Alih-alih memperjuangkan persatuan umat yang hakiki, para pemimpin muslim, khususnya di Indonesia malah sibuk menjalin hubungan mesra dengan Israel dengan dalih perdamaian, ada pula yang sibuk mengurus pembagian konsesi tambang, padahal keadilan hukum sedang dipertanyakan, tak sedikit yang bimbang memenuhi koalisi sehingga karena tuntutan KPU menjelang pilkada. Semua tak ada yang ingat Rohingya atau Palestina.
Kondisi inilah yang menjadikan umat Islam tidak mulia dan terhina. Nasib umat akan terus terpuruk selama tidak ada junnah (perisai) bagi kaum muslimin di manapun sehingga kaum muslimin akan selalu ditindas di mana saja. HAM yang dijunjung tinggi semua warga dunia, tak bersuara saat dihadapkan pada derita kaum muslim ini. Bandingkan jika ada satu saja kasus non muslim yang teraniya, dunia mencela habis-habisan seolah-olah Islam sangat buruk. Semua bergerak mengecam, menjatuhkan sanksi hingga blokade.
Islam Wujudkan Kesejahteran Tanpa Menjajah
Tagar #alleyeofRafa” kini tak lagi antusias, lenyap begitu saja, ditelan isu-isu yang lebih panas , sungguh berbeda ketika umat Islam yang mulia dan terhormat ada di bawah pimpinan Rasulullah , dimulai dari membangun negara Islam di Madina. Kebaikan terus berlanjut hingga saat Khilafah runtuh. Tak ada yang zalim sebaliknya para kafir itulah yang mendapatkan kebaikan Islam selama berabad-abad.
Nasionalisme yang terus ditanam dalam berbagai agenda dan kebijakan membuat kaum muslim melepas ikatan terkuat yang diperintahkan Allah, yaitu ukhuwah Islamiyyah. Ikatan berdasarkan akidah tanpa membedakan ras, suku, bahasa atau warna kulit. Maka, ketika kini sistem berdasar sekulerisme yang memimpin , kaum muslim harus melawannya dengan yang sepadan, yaitu sistem Islam.
Upaya menuju penerapan syariat Islam tidak akan berjalan tanpa munculnya kesadaran umat tentang pentingnya persatuan hakiki sebagai satu umat, sehingga inilah saatnya membangun kesadaran umat, bahwa Islam dan umatnya hanya bisa mulia dalam naungan khilafah. Sebuah institusi negara yang hanya berdasarkan syariat Islam bukan yang lain.
Penyadaran ini membutuhkan keberadaan kelompok dakwah Islam ideologis, yang mengajak umat untuk memiliki perasaan, pemikiran yang sama terhadap Islam. Kesadaran bahwa Islam bukan hanya identitas tapi juga pandangan hidup.

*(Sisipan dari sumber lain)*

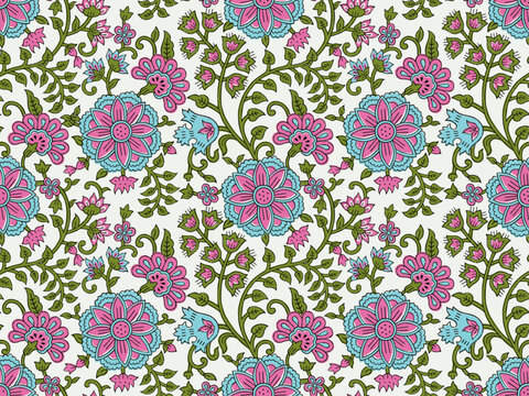 HAND DRAWN MUGHAL FLORAL JAIPUR PRINTS SEAMLESS PRINT DIGITAL PATTERN

Sebagaimana firman Allah SWT. Yang artinya, “…Pada hari ini orang-orang kafir telah putus asa untuk (mengalahkan) agamamu, sebab itu janganlah kamu takut kepada mereka, tetapi takutlah kepada-Ku. Pada hari ini telah Aku sempurnakan agamamu untukmu, dan telah Aku cukupkan nikmat-Ku bagimu, dan telah Aku ridai Islam sebagai agamamu…” (TQS al-Maidah:3]. Wallahualam bissawab. [ SNI].